= Blatter Herbarium =

Herbarium in Mumbai, India

The Blatter Herbarium (BLAT), in St. Xavier's College, Mumbai, is a major Herbarium in India. It is listed in the Index Herbariorum, published by the International Association for Plant Taxonomy and New York Botanical Garden. The Herbarium specializes in the vascular plants of western India; algae, mosses, and fungi of Mumbai; seed samples of medicinally and economically important plants of Maharashtra, and wood samples of Maharashtra. The institute holds the largest botanical collection in western India.
==History==
The Herbarium was founded by the Jesuit priest and taxonomist, Ethelbert Blatter, SJ. It was renamed in his honour in 1941 by his associate and director of the Herbarium, Father Henry Santapau, SJ. Father Santapau went on to direct the Botanical Survey of India, and was recognized by the Indian Government with a Padmashri in 1964 for his services to Indian botany.

The two priests are regarded as pioneers in Indian plant taxonomy, and contributed over 500 scientific articles to various journals. They also wrote a number of books, like The Flora of Aden, Arabia; Beautiful Flowers of Kashmir; The Bombay Grasses; Palms of Asia; Orchids of Bombay; Medicinal and Poisonous plants of India; Flora of Khandala; Acanthaceae of Bombay, and Trees of Bombay.

The Herbarium is currently engaged in a variety of national projects, including surveys of medicinally and economically important plants of Western Maharashtra, the flora of Ratnagiri District, ethnobiology of Goa Tribals, and the trees of Mumbai.

Many scholars make use of the institute's facilities to conduct post-graduate and doctoral studies.

==Collections==
The Herbarium contains a flowering plants collection that dates back to 1816, with over 1,50,000 specimens from all over India. It maintains type materials for about 400 plants which have been identified as new species over a period of time. It holds large alga, fungus, bryophyte, pteridophyte and gymnosperm collections. It also has obtained specimens from regions like Sindh, Arabia, Australia, Germany and Switzerland.
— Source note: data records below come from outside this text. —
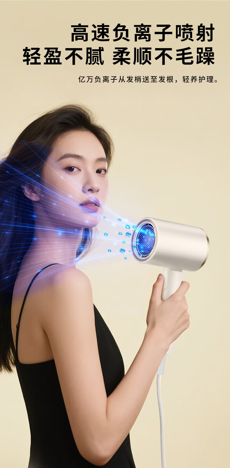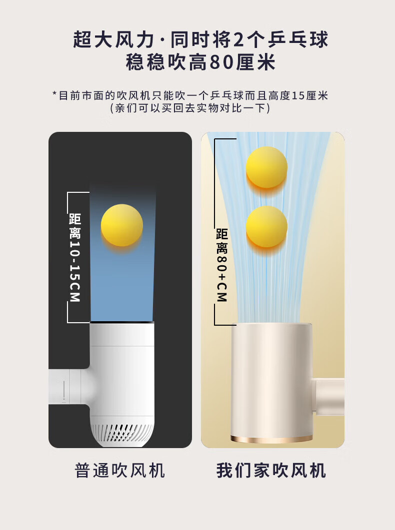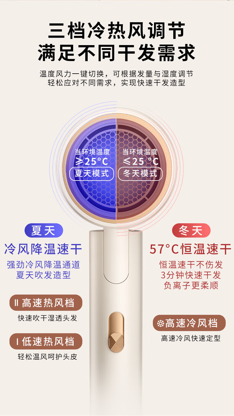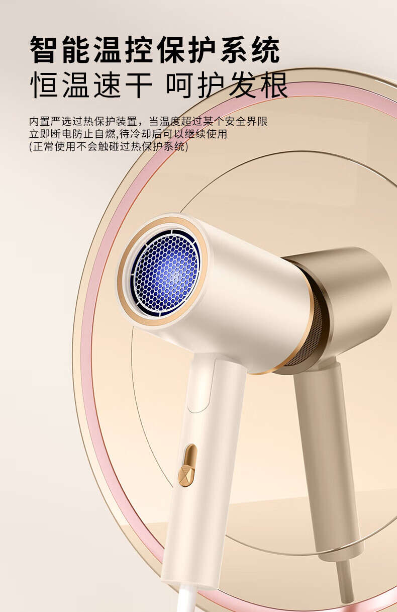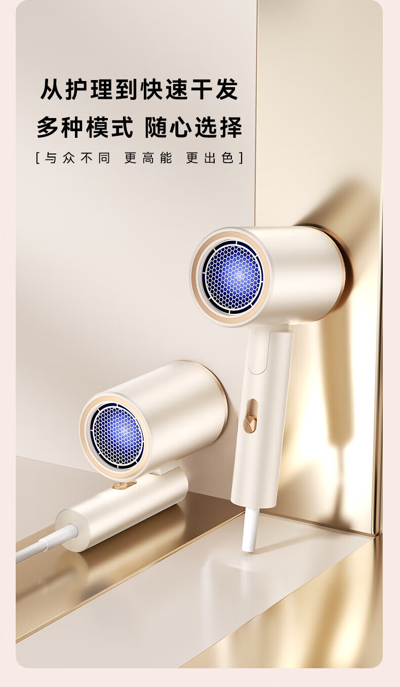 【严选】吹风机蓝光负离子家用发廊宿舍吹风筒电吹风 T1-珍珠白【带蓝光】 (1个装) 中规-220V【国内使用】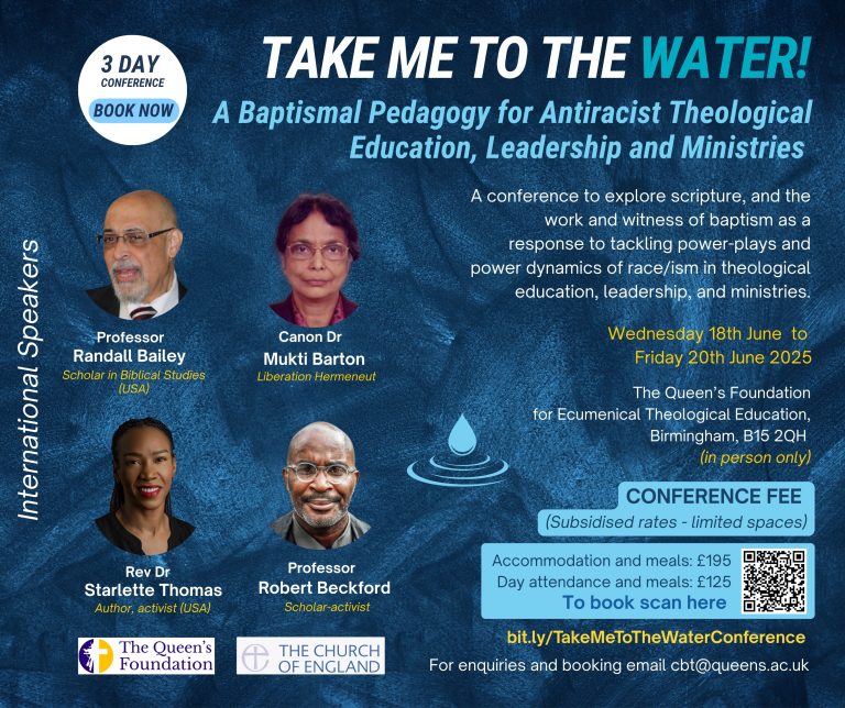 A three-day, in-person ‘Baptismal Pedagogy for Antiracist Theological Education, Leadership and Ministries’ will take place from Wednesday 18 to Friday 20 June inclusive at the Queen’s Foundation for Ecumenical Theological Education, Somerset Road, Birmingham, B15 2QH.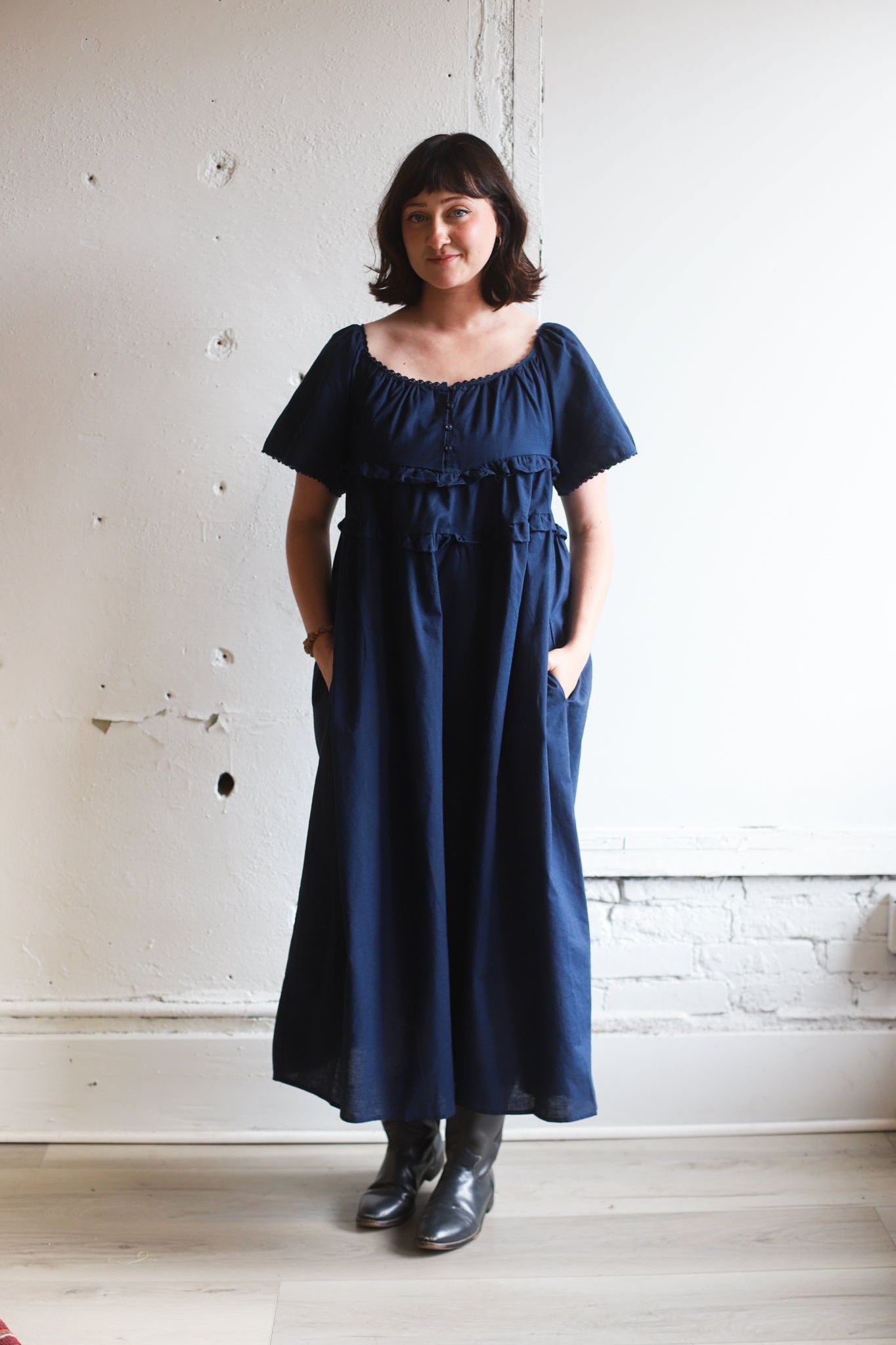 Made from premium denim fabric with summer-inspired embroidery details featuring smocked back panel for a comfortable, flexible fit and side pockets for practicality! Finished with an invisible back zipper!

The institute's museum preserves wood, seed and fruit samples of plants with medicinal properties. Pickled specimens of algae, fungi and lichen are also stored in the museum.

The attached library boasts of a copy of the first book printed in India - Colóquios dos simples e drogas da India (1563) by Garcia de Orta. Besides the Hortus Malabaricus (The Gardens of Malabar) by Hendrik van Rheede from 1678, the library contains a compendium of botanical literature and Indian and international journals on botany.